# Elite Z28 bow test report



## goldtip22 (Oct 14, 2004)

Thanks for the info. I've only had my Z-28 for about two weeks now but so far it's been an outstanding shooter. I'm very pleased with the lack of cam lean and the draw cycle.


----------



## BAArcher (Feb 5, 2004)

It is a great shooting bow.....My testing was complete after shooting one for 10 minutes, Official Result was.............Awsome bow!


----------



## ky_bowhunter (Mar 5, 2007)

oldbuck said:


> Hello,
> I just finished testing a 2008 Elite Z28.
> 
> The measured vertical nock travel was perfect with only 0.030” rise above dead level.
> ...


So that would mean that with my 27" draw I could still break in the 290's with an 8" brace height bow. Now that sounds very appealing. Hows the noise and vibration on this bow, compared to say a general or guardian?


----------



## CHAMPION2 (May 6, 2004)

I have heard very good reports on this bow and the mid 2008 Elite releases in general.

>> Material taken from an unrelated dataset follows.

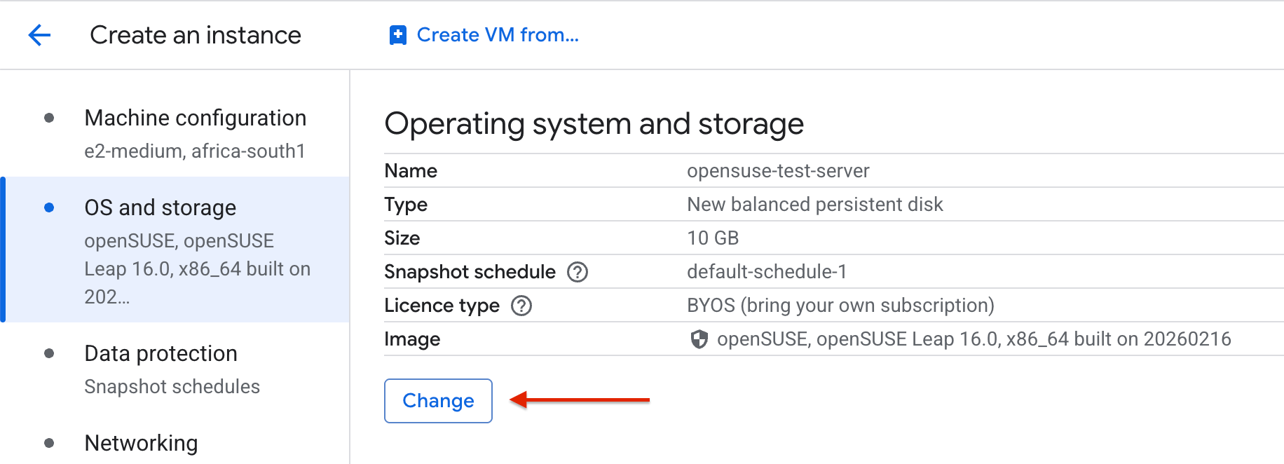 From there, configure the rest of your instance settings — machine type, networking, firewall rules — as you normally would, and click Create to launch your new Leap 16.0 VM.
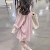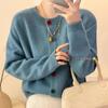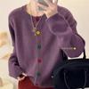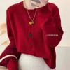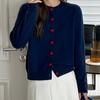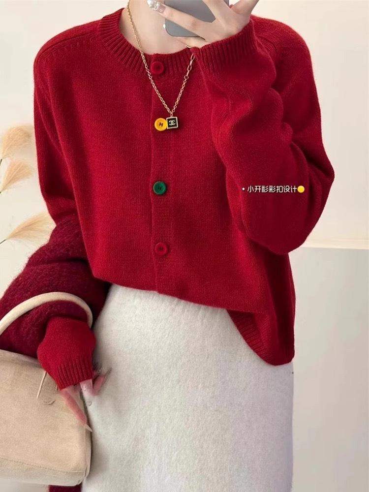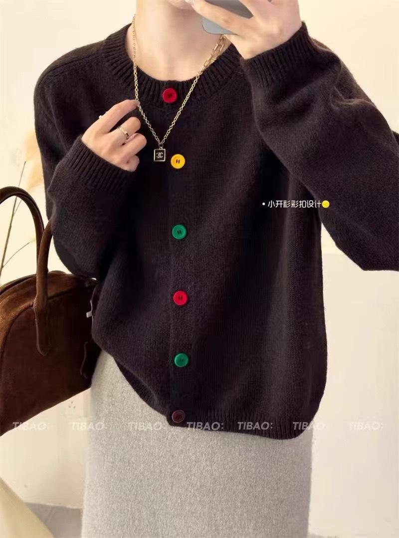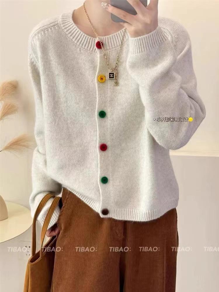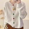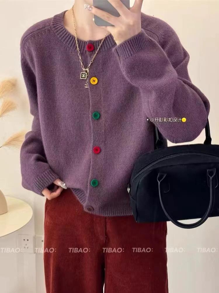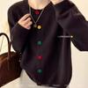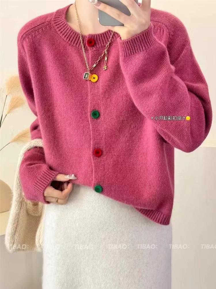 Cárdigan de punto coreano rejuvenecedor arcoíris de un solo botón cuello redondo nuevo para principios de otoño estilo perezoso nicho suéter rosa

Looks like they definitely have a couple winners in the Z28 and GTO-500. I am sure the new XLR will follow suit!!!


----------



## oldbuck (Apr 14, 2006)

*Noise and speed*



ky_bowhunter said:


> So that would mean that with my 27" draw I could still break in the 290's with an 8" brace height bow. Now that sounds very appealing. Hows the noise and vibration on this bow, compared to say a general or guardian?


Hello,
I think the "noise" is less on the general, BUT, that is subjective, as to what noise level becomes unaccepatble for hunting. I've shot many deer with older bows that made ALOT more noise, they are still dead.
What is not subjective is the speed, the Z28 is fast. Also the 8" brace height will be a help with hunting clothing contact. 
General and Z28, both fine bows.
I have not tested a 27" Z28, so I can just guess at speeds.
oldbuck


----------



## NCHunter287 (Aug 15, 2008)

Just purchased my Z28 today... Havn't had a great deal of time to play with it but this is what I've found out so far. The grip will make your mouth water. This bow sits where you want it. I'm not a big fan of the larger fat grips like on a matthews, the Z-28 has a nice slim grip. Noise level is a bit louder than I expected. Its by no means loud... but not as quiet as the General. I usually shoot a 29" draw length, but apparently the draw lengths on these bows run long and I stepped down to a 28". (Even the 28 1/2" felt a little long). So I would definatly shoot one before I ordered it. As far as Speed goes @ 28" draw, 70lbs it shot a 350 grain arrow at 303fps. Thats smoking for an 8" brace height if you ask me... My General at 29" 70lb with same arrow shot 282FPS. Not bashing bowtech at all but it was also plauged with cam lean and limb problems.... So I no longer own the general. As far as a target/competition bow I would reccomend you stepping up to the GT500 just for the longer ATA. As far as hunting, treestand, and groundblind go this bow is the ticket. The speed and forgivness bow should make it very hunter friendly


----------



## deerhunter81 (Nov 30, 2007)

NCHunter287 said:


> Just purchased my Z28 today... Havn't had a great deal of time to play with it but this is what I've found out so far. The grip will make your mouth water. This bow sits where you want it. I'm not a big fan of the larger fat grips like on a matthews, the Z-28 has a nice slim grip. Noise level is a bit louder than I expected. Its by no means loud... but not as quiet as the General. I usually shoot a 29" draw length, but apparently the draw lengths on these bows run long and I stepped down to a 28". (Even the 28 1/2" felt a little long). So I would definatly shoot one before I ordered it. As far as Speed goes @ 28" draw, 70lbs it shot a 350 grain arrow at 303fps. Thats smoking for an 8" brace height if you ask me... My General at 29" 70lb with same arrow shot 282FPS. Not bashing bowtech at all but it was also plauged with cam lean and limb problems.... So I no longer own the general. As far as a target/competition bow I would reccomend you stepping up to the GT500 just for the longer ATA. As far as hunting, treestand, and groundblind go this bow is the ticket. The speed and forgivness bow should make it very hunter friendly



The last line of your signature is............well very impressive!!!!


----------